Although the numbers do not match, everything indicates that the Government can benefit from a particularly benevolent conjuncture. In a press conference monopolized by the Italian case (whose public deficit can overcome the barrier of 3% in 2020), the Commissioner for Economic Affairs, Pierre Moscovici, was particularly conciliatory with Spain and recalled that this type of discrepancies between Brussels and the capitals are frequent. The figures, however, do not deceive. Its European partners have asked Spain for a structural effort of 0.65% of GDP (without taking into account the favorable winds of the economic cycle) while the Government of Sanchez hopes to reach a figure of less than 0.4% that Brussels would end accepting reluctantly. However, the forecasts of European technicians ensure that the structural effort will be very far from this range: between 0 and 0.1% of GDP.

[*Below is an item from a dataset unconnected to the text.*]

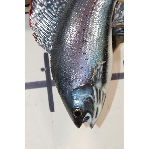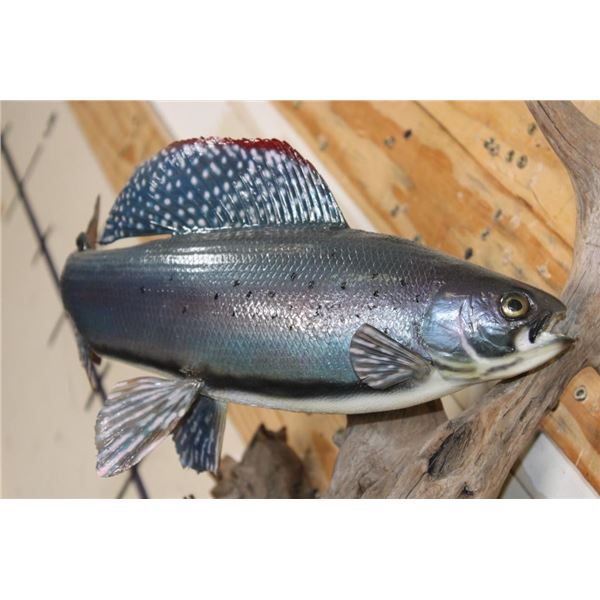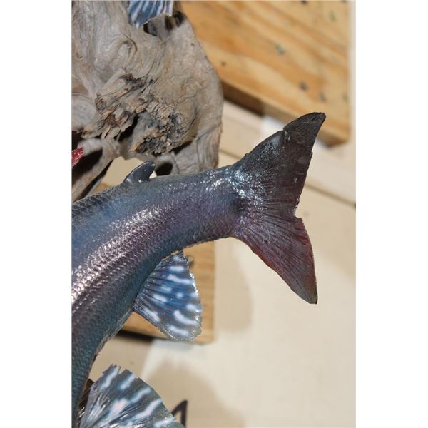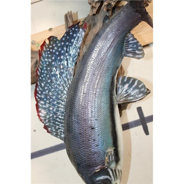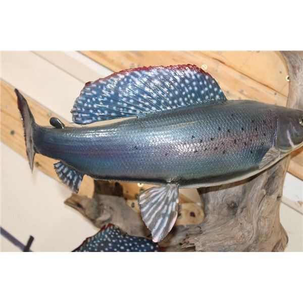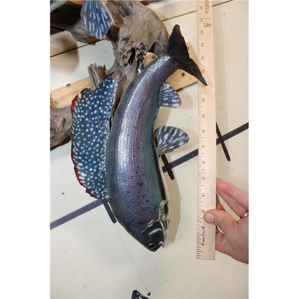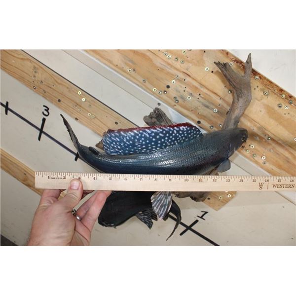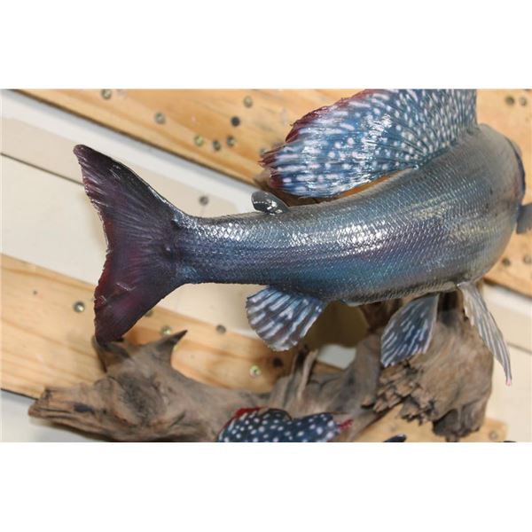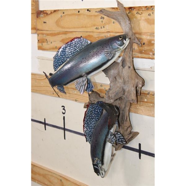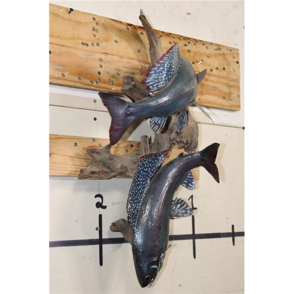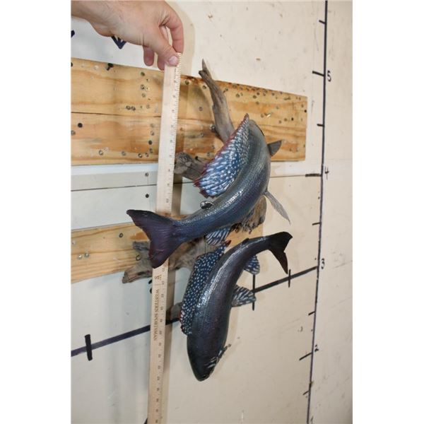 2 *Real Skin* Artic GRAYLING Fish on a Driftwood Wall Hanger. The lower Grayling has front fin damage. The upper Grayling is in Good Condition. TAXIDERMY FISH

This is not the first time that discrepancies have occurred in this area between Spain and the Commission. It has been the bread of every day after a decade under the corrective arm of the Stability and Growth Pact for exceeding the 3% threshold. In the report published yesterday, the Community Executive reproaches posthumously the Government of Mariano Rajoy to remember that the reduction of the deficit during this year was possible thanks to the vigor of economic growth, as certain measures such as the revaluation of pensions, increases salaries for officials and lower taxes for lower incomes did not help this goal. Sanchez, far from amending Rajoy, has continued this path.
But the things can change. According to the forecasts of yesterday, the public deficit of this year will close in 2,7% and Spain will get to leave the black list of the countries over 3%. European standards now place a greater emphasis on structural effort, which puts Sanchez in a difficult predicament.